◆ WHAT YOU ARE ASKED TO DO
Leaving out the pictures, return word for word the stretch of entries below from the line holding "Attention: Must unplug" through the line holding "(unbrand)/Accessories/Wallets, Money Key".

Entries taken from a collection:
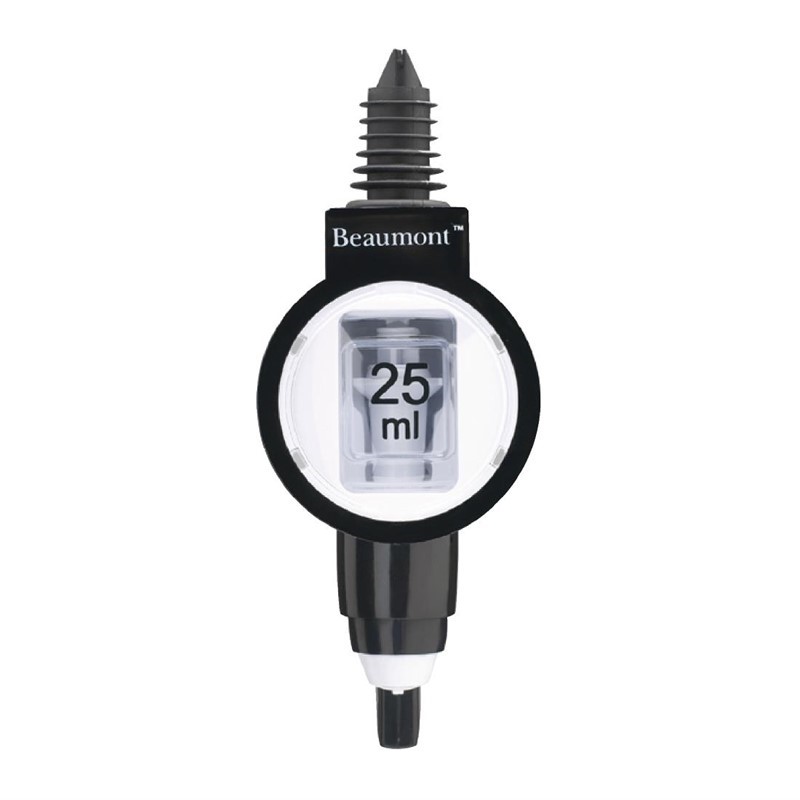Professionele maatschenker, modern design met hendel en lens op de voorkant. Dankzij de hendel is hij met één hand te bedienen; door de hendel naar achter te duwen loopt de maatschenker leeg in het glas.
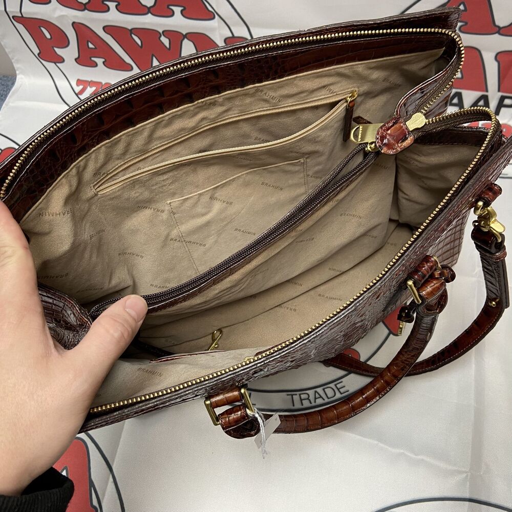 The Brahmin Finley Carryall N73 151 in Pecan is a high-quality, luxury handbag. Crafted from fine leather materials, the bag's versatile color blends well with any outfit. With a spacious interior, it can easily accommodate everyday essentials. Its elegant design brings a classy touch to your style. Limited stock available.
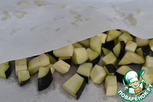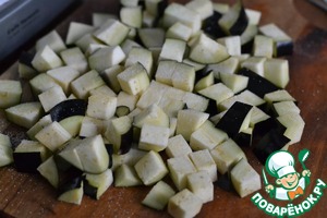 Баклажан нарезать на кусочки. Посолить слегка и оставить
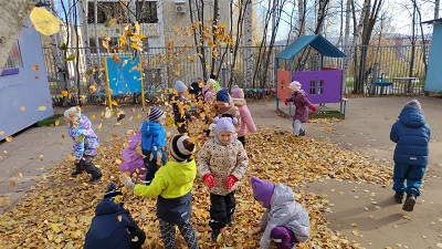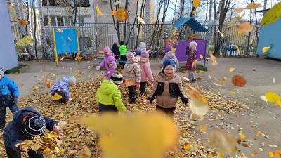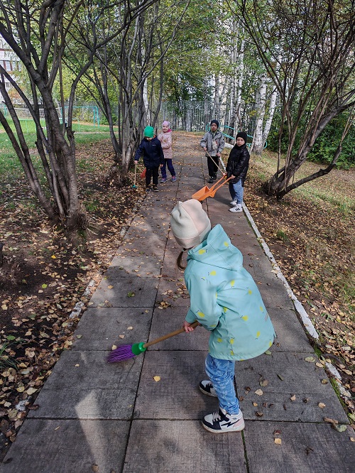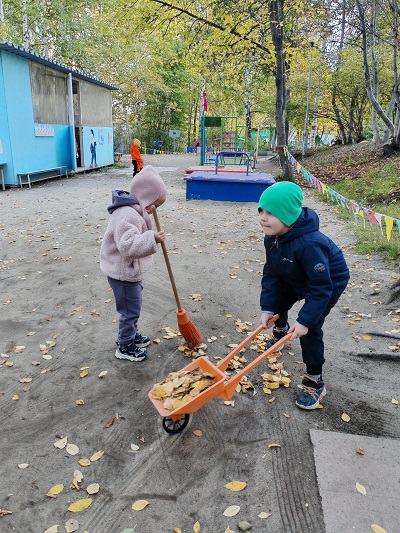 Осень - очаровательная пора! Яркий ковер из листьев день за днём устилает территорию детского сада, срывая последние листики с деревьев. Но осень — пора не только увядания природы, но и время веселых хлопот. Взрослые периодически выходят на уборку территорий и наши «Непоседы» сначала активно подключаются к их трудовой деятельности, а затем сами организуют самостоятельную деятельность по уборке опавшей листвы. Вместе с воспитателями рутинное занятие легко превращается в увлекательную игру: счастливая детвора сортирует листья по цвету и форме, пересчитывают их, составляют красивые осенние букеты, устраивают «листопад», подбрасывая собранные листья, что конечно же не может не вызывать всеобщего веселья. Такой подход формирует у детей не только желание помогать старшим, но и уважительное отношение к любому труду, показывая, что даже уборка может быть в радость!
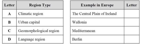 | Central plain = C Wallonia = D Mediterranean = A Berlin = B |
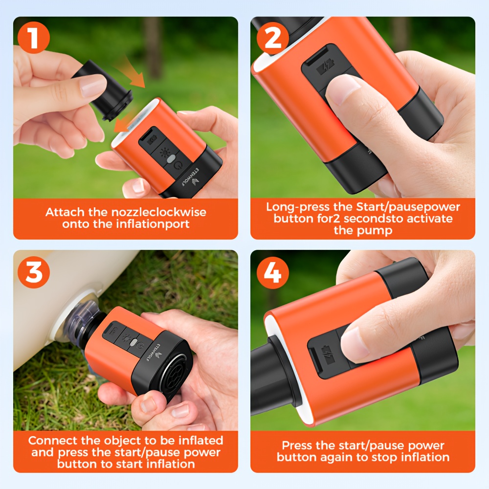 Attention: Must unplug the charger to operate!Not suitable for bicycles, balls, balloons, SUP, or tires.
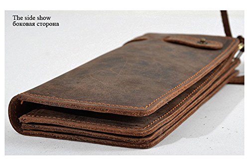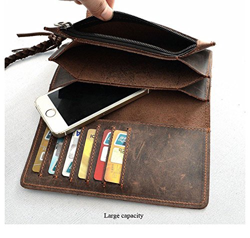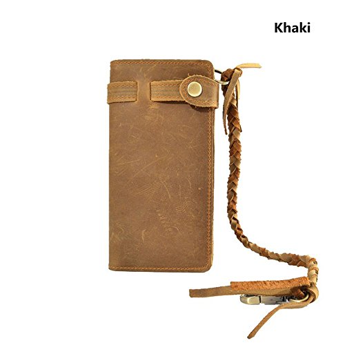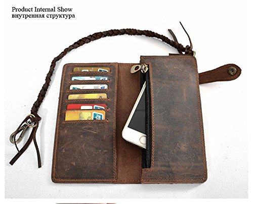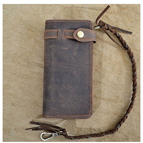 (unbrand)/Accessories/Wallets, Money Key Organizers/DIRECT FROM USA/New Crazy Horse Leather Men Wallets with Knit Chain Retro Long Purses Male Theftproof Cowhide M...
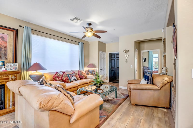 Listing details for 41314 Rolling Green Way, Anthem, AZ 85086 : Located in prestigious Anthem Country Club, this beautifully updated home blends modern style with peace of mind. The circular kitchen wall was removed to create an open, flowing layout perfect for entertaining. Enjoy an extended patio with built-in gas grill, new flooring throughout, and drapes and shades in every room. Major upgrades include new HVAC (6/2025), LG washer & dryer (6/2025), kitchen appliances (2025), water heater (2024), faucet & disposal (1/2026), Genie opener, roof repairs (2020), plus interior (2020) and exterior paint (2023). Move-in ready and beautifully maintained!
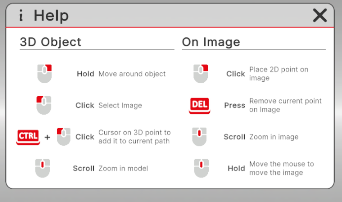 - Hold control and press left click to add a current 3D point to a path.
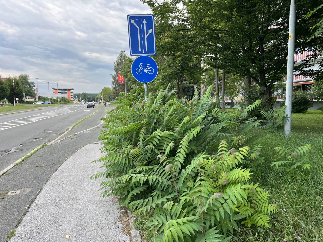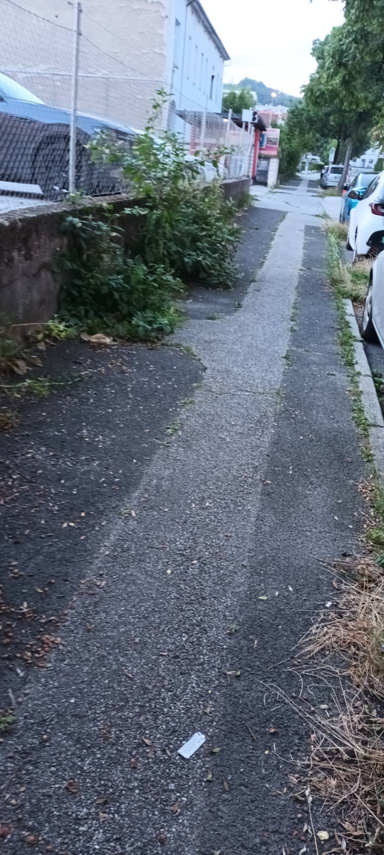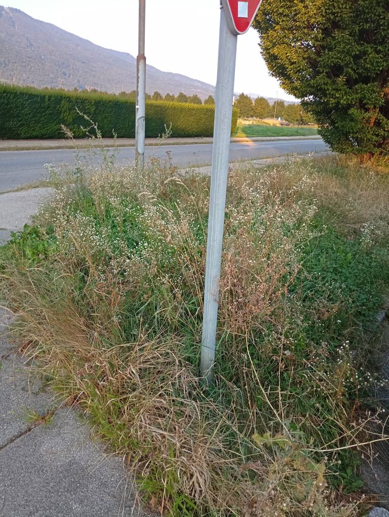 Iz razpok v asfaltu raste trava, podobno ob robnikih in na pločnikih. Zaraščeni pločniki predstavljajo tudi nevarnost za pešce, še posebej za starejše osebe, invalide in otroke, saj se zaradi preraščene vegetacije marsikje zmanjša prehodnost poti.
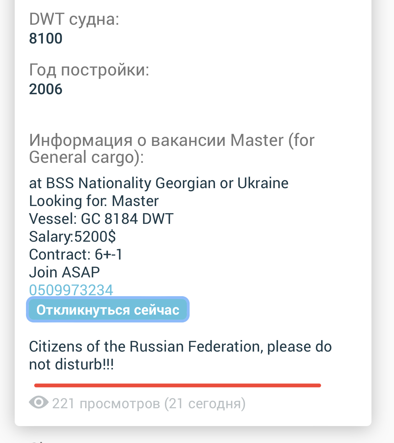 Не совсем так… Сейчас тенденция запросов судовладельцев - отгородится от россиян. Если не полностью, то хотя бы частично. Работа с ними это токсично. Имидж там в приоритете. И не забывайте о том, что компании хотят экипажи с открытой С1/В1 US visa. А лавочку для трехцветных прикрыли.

◆ RESULT
 Attention: Must unplug the charger to operate!Not suitable for bicycles, balls, balloons, SUP, or tires.
 (unbrand)/Accessories/Wallets, Money Key Organizers/DIRECT FROM USA/New Crazy Horse Leather Men Wallets with Knit Chain Retro Long Purses Male Theftproof Cowhide M...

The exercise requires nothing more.